## Material provided
'''
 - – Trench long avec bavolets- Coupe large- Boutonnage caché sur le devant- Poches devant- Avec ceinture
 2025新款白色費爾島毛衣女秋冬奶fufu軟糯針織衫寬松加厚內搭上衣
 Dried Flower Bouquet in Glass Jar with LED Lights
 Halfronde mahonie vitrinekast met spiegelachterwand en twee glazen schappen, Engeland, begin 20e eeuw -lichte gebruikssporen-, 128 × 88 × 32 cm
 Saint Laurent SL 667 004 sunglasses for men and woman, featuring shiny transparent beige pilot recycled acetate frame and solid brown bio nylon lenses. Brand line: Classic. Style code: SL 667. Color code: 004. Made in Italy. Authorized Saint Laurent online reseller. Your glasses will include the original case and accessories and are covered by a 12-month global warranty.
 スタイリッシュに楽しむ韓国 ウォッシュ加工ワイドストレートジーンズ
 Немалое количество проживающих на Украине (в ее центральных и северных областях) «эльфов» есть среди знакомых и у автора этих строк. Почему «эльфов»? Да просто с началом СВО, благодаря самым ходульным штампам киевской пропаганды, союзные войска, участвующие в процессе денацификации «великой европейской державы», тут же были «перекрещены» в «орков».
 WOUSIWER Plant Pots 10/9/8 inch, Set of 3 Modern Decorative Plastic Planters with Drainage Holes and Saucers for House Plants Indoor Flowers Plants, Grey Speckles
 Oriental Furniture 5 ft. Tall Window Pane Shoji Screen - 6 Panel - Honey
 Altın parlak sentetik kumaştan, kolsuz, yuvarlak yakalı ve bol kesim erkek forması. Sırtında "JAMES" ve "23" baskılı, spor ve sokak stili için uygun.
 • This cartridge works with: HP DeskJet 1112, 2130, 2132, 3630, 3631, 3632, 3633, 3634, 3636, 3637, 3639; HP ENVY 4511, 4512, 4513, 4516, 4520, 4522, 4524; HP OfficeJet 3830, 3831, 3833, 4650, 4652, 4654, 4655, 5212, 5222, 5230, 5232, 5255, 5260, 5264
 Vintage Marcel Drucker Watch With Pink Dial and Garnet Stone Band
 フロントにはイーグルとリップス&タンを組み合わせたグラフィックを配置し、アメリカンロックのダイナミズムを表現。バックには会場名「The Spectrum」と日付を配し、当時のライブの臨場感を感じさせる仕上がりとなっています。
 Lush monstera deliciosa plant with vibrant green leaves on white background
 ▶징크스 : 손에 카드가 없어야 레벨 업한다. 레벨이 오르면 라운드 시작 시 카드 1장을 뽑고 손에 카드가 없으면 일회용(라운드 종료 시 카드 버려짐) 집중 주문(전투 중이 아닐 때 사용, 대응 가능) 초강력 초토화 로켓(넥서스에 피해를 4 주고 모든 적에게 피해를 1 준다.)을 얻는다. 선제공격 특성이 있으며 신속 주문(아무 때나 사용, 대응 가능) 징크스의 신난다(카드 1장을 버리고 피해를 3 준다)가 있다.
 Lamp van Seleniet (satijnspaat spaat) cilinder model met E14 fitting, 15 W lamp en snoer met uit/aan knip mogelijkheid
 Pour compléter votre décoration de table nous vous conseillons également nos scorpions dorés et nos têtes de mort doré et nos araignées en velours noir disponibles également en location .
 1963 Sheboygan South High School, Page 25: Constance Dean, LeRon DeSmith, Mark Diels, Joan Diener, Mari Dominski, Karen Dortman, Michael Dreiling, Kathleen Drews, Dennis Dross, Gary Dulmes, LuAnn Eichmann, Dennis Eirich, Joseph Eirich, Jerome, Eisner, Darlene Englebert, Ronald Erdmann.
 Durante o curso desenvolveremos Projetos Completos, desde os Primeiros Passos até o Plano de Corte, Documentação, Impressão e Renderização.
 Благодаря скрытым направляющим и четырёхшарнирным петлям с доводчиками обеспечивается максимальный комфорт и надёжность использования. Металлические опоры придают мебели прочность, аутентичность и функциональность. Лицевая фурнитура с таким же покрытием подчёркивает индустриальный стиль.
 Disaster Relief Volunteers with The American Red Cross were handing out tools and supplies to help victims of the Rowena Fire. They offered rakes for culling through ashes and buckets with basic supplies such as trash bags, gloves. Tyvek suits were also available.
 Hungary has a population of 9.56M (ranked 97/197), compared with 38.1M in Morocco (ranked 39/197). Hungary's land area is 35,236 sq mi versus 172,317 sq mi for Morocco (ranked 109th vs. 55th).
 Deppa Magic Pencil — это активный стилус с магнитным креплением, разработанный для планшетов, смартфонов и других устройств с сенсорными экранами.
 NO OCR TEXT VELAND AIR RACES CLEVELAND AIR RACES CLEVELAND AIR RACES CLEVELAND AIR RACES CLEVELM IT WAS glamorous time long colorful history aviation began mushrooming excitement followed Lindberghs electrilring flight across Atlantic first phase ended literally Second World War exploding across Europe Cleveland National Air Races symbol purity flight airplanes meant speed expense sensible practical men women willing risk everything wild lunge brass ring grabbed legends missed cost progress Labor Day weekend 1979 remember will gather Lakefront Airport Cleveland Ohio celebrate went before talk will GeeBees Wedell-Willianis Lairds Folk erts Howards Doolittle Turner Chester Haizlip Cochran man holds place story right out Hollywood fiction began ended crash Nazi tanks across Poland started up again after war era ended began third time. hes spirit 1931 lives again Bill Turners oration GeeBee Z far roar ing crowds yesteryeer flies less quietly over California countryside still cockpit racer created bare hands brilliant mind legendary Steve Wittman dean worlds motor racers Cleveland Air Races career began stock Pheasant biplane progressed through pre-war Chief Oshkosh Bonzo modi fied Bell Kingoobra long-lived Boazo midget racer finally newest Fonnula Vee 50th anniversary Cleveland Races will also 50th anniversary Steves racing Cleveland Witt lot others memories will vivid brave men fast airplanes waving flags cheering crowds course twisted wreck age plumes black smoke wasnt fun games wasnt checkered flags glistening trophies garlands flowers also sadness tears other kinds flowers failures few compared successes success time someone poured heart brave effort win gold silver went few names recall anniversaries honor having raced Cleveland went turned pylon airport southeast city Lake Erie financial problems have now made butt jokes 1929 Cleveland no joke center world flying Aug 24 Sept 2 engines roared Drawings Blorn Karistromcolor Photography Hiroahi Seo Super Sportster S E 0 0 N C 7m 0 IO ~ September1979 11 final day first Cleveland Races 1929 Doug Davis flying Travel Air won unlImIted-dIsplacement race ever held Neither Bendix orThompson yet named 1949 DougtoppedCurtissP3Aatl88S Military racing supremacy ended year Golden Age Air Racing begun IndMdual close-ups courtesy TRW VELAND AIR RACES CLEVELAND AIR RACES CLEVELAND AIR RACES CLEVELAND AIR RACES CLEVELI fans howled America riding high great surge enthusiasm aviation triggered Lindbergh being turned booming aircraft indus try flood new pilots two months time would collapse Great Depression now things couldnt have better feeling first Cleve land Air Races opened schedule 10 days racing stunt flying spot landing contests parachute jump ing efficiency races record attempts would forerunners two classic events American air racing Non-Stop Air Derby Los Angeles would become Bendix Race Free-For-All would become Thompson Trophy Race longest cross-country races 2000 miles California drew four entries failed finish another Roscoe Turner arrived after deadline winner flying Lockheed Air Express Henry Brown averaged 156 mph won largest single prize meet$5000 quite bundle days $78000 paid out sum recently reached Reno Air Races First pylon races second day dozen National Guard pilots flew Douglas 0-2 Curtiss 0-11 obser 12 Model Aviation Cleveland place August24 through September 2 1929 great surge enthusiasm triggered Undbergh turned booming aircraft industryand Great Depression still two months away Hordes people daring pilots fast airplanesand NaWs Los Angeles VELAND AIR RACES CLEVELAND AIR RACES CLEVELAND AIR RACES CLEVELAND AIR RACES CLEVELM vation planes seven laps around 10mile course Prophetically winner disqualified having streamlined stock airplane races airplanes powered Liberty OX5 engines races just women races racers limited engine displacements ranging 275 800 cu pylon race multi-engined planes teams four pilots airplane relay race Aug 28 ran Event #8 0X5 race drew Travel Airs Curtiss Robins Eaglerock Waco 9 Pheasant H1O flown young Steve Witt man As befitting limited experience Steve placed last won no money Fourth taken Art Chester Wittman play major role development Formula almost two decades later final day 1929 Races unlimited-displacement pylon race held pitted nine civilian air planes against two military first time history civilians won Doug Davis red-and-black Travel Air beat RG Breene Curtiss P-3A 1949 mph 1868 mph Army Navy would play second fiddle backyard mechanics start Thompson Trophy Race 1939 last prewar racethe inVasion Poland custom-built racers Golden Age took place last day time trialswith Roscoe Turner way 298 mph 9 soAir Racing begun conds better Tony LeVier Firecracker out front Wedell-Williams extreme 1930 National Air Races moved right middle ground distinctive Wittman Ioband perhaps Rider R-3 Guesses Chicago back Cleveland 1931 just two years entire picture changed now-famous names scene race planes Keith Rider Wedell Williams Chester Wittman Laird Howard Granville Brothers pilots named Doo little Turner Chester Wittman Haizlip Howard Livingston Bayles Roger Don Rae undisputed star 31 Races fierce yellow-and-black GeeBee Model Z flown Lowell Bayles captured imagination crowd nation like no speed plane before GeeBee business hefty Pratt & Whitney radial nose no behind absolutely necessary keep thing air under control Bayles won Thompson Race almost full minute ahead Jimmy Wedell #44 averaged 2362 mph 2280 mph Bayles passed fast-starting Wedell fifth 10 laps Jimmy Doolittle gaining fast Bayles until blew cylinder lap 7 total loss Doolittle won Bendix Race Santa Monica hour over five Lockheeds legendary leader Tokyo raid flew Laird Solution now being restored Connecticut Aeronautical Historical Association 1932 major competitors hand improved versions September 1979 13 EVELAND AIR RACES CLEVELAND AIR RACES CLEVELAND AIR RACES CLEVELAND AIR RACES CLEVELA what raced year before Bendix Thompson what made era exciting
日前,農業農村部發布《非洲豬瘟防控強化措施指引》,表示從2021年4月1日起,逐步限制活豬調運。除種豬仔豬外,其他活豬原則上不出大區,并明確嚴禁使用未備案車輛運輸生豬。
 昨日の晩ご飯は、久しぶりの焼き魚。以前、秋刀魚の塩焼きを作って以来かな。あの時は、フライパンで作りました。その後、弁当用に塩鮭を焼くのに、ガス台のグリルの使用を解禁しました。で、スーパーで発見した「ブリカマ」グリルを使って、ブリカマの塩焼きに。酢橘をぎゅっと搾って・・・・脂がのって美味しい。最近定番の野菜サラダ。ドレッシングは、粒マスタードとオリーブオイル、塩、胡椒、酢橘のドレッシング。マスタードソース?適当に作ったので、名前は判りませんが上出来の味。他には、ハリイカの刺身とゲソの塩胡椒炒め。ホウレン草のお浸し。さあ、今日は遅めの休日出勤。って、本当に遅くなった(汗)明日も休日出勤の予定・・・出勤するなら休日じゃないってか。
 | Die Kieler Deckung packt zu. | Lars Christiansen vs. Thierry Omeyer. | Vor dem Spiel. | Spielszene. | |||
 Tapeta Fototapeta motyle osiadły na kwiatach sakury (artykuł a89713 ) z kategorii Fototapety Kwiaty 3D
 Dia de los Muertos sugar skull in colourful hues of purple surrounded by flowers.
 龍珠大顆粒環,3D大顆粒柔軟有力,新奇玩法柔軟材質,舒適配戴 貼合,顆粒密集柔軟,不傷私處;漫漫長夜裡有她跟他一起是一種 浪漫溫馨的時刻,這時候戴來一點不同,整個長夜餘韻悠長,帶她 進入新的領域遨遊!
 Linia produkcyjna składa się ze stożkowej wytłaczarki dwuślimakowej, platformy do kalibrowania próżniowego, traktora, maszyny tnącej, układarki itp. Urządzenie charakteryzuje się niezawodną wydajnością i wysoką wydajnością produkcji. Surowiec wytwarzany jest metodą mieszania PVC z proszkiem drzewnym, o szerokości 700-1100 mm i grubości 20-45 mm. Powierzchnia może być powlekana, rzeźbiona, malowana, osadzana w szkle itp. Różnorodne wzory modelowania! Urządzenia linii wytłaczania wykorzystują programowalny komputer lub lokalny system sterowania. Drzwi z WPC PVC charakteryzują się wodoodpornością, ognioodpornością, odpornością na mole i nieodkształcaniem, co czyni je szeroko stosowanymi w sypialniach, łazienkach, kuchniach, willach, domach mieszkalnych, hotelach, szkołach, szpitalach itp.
'''
## The task
Please reproduce exactly the lines from the first one of the records above through the line containing "Dried Flower Bouquet", both included, and nothing else.

## Response area
 - – Trench long avec bavolets- Coupe large- Boutonnage caché sur le devant- Poches devant- Avec ceinture
 2025新款白色費爾島毛衣女秋冬奶fufu軟糯針織衫寬松加厚內搭上衣
 Dried Flower Bouquet in Glass Jar with LED Lights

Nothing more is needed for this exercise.